Medullary Carcinoma of the Thyroid and the MEN Syndromes
Douglas B. Evans, MD
Department of Surgical Oncology The University of Texas M. D. Anderson Canc
Last Modified: November 1, 2001
Medullary thyroid carcinoma (MTC) originates in the thyroid C cells which produce both calcitonin and carcinoembryonic antigen. MTC occurs either as a sporadic event or secondary to a germline mutation with an autosomal dominant pattern of inheritance. MTC will develop in 90% of gene carriers during life and once metastatic, approximately 20% of patients will die of disease. Familial MTC may occur as part of multiple endocrine neoplasia type 2A (MEN 2A; MTC, pheochromocytoma, and parathyroid hyperplasia) or MEN 2B (MTC, pheochromocytoma, mucosal and alimentary neuromas, and marfanoid habitus) or without other endocrinopathies (familial non-MEN MTC; FMTC). Until recently, patients who were known members of a familial MTC kindred were screened by measurement of serum levels of pentagastrin-stimulated calcitonin.
Single point mutations within the RET proto-oncogene on chromosome 10 have been found responsible for all forms of familial MTC. The RET proto-oncogene encodes a receptor tyrosine kinase that is expressed in derivatives of neural-crest cells and therefore, expressed in neural-crest-derived tumors such as MTC. The use of DNA testing in at-risk family members allows early thyroidectomy prior to the development of invasive MTC. Despite the tremendous advances made in the molecular biology of MTC, the opportunity to improve the outcome for the majority of patients who present with sporadic disease still lies in the performance of a safe and comprehensive initial surgical procedure. Total thyroidectomy is recommended in all patients with biopsy-proven or suspected MTC. Patients with familial MTC have bilateral, multifocal disease, and patients with presumed sporadic disease have a 20% to 30% incidence of multifocal disease and may also represent the index case of familial MTC. MTC is characterized by early spread to regional lymph nodes. It is likely that the majority of patients with invasive MTC have metastasis to regional lymph nodes at the time of diagnosis. This is supported by the frequent finding of persistent elevations in calcitonin levels following primary tumor resection (thyroidectomy) and the high rates of cervical recurrence (in regional lymph nodes) reported in retrospective studies. These data have provided the rationale for surgeons to perform a more extensive lymphadenectomy at the time of initial thyroidectomy and to consider reoperative cervical lymphadenectomy in patients with persistent elevation in calcitonin level following thyroidectomy. The extent of primary surgery performed at our institution can be categorized as follows:
A. Patients with MEN 2A or FMTC
Patients with a positive RET mutational analysis, a normal basal calcitonin level, and a normal cervical sonogram undergo total thyroidectomy without lymphadenectomy. Surgery is performed at the age of 5 years in children belonging to MEN 2A or FMTC families and known to carry a mutation of the RET proto-oncogene. In patients with an elevated basal calcitonin level or with a thyroid nodule visualized by sonography or present on physical examination, we perform total thyroidectomy with central compartment lymphadenectomy and bilateral modified neck dissection.
B. Patients with MEN 2B
Thyroidectomy should be performed as early as possible in children born with the clinical manifestations of MEN 2B, such as mucosal neuroma syndrome. Analysis for a RET mutation at codon 918 should be performed in all children born to parents with MEN 2B and in all children with ambiguous clinical features suggestive of MEN 2B. Because invasive MTC has been found at birth in children with MEN 2B, thyroidectomy should not be delayed.

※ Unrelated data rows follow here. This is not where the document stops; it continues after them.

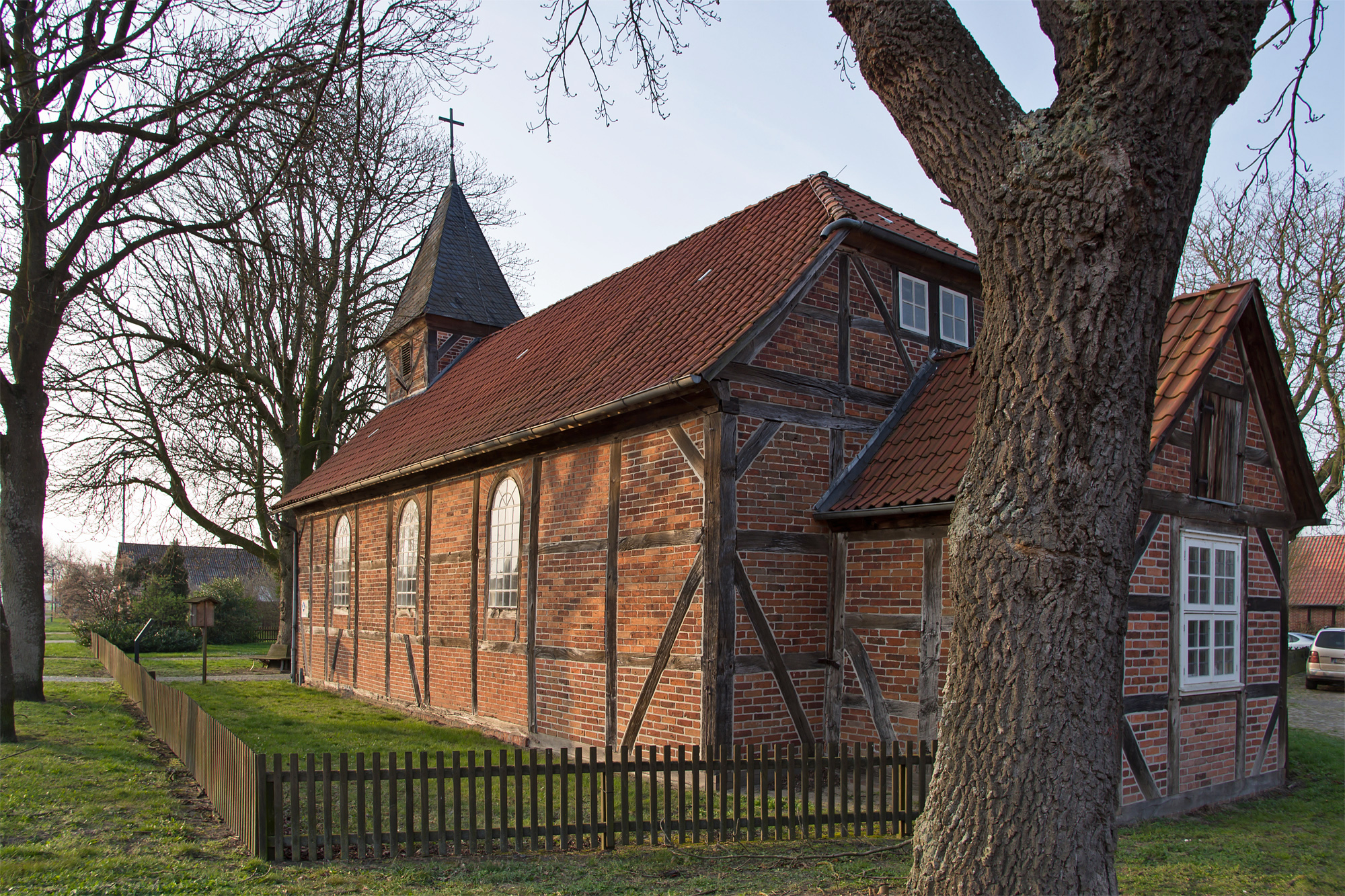 Chapel of the small village Meetschow (district Lüchow-Dannenberg, northern Germany).
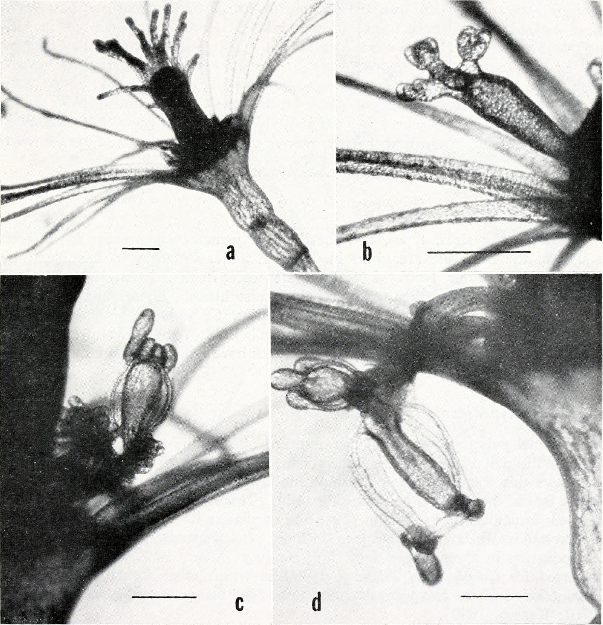 Development of the gonosome of Corymorpha bigelowi Title: The Biological bulletin Year: [1] (s) Authors: Marine Biological Laboratory (Woods Hole, Mass. ); Marine Biological Laboratory (Woods Hole, Mass. ). Annual report 1907/08-1952; Lillie, Frank Rattray, 1870-1947; Moore, Carl Richard, 1892-; Redfield, Alfred Clarence, 1890-1983 Subjects: Biology; Zoology; Biology; Marine Biology Publisher: Woods Hole, Mass. : Marine Biological Laboratory Text Appearing Before Image: LIFE CYCLE OF CORYMORPHA BIGELOWI 491 seen to feed on brine shrimp nauplii and did not live for more than a few days. The newly released medusae are similar in size to the smaller individuals described from plankton collections by Kramp (1928) and Browne (1916). It is of interest to note that in these collections small individuals (1.25 to 1.5 mm high) have subterminal nematocyst bulbs on the primary tentacle which are absent on the newly released Euphysora bigelozvi medusae. In Coryinorpha nutans the annular subterminal bulbs are developed even before liberation from the polyp (Russell, 1953). Text Appearing After Image: FIGURE 2. The development of the gonosome of Corymorpha (= Euphysora) bigclozvi: a, lateral view of the hypostome of a polyp with early gonodendra; b, immature gonophore with inflated pedicel and developing medusa buds; c, medusa buds in advanced state of development (note the enlarged manubrium and primary tentacle) ; d, medusa just prior to release. Scale bar is 0.5 mm.
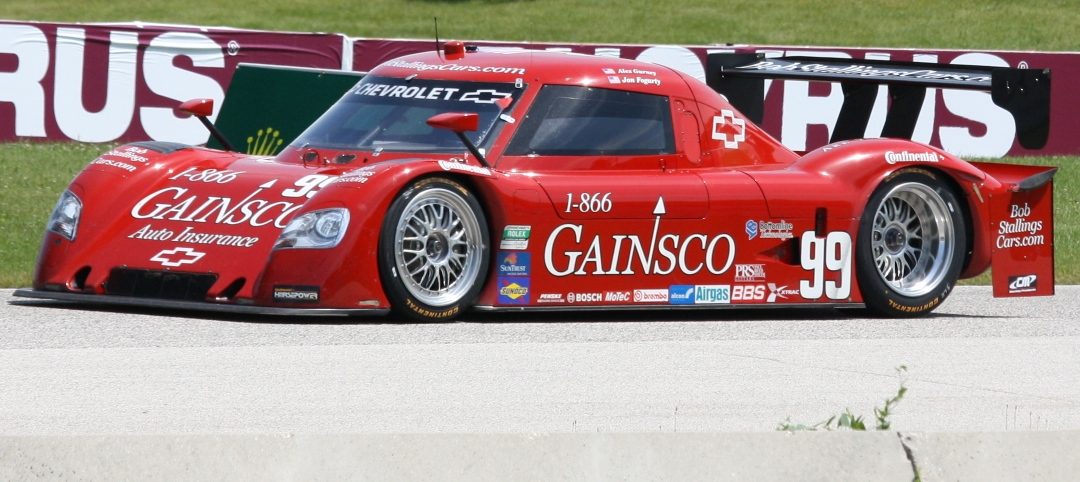 The Daytona Prototype of Jon Fogarty and Alex Gurney racing in Grand-Am sports car at Road America.

C. Patients with presumed sporadic MTC
The majority of patients with MTC (75%) have the sporadic form of this disease. We advocate an aggressive approach to this disease based upon published data demonstrating improved local-regional disease control and suggesting improved survival in patients treated with compartment-oriented lymphadenectomy at the time of total thyroidectomy. Therefore, in patients with a palpable thyroid nodule diagnosed as MTC by fine-needle aspiration cytology, we perform total thyroidectomy with in-continuity clearance of the central neck and standard modified radical neck dissection on the side of the lesion. The inferior parathyroid glands are routinely resected with the paratracheal lymphatic tissue. The operative specimen should be carefully examined for parathyroid glands; when found, they should be confirmed as parathyroid tissue with frozen-section analysis and autografted into either the sternocleidomastoid muscle or the nondominant forearm. In any patient with palpable cervical lymphadenopathy, a bilateral modified radical neck dissection is performed at the time of total thyroidectomy. The goal of this aggressive surgical approach is to maximize local regional tumor control and survival while minimizing the need for reoperation. Adjuvant external-beam radiation therapy should be considered in patients at high risk for local-regional tumor recurrence following maximal surgical therapy. Although prospectively acquired data are lacking, postoperative external-beam radiation therapy should be considered in patients with positive surgical margins of excision, extranodal soft tissue extension, and extensive mediastinal tumor extension.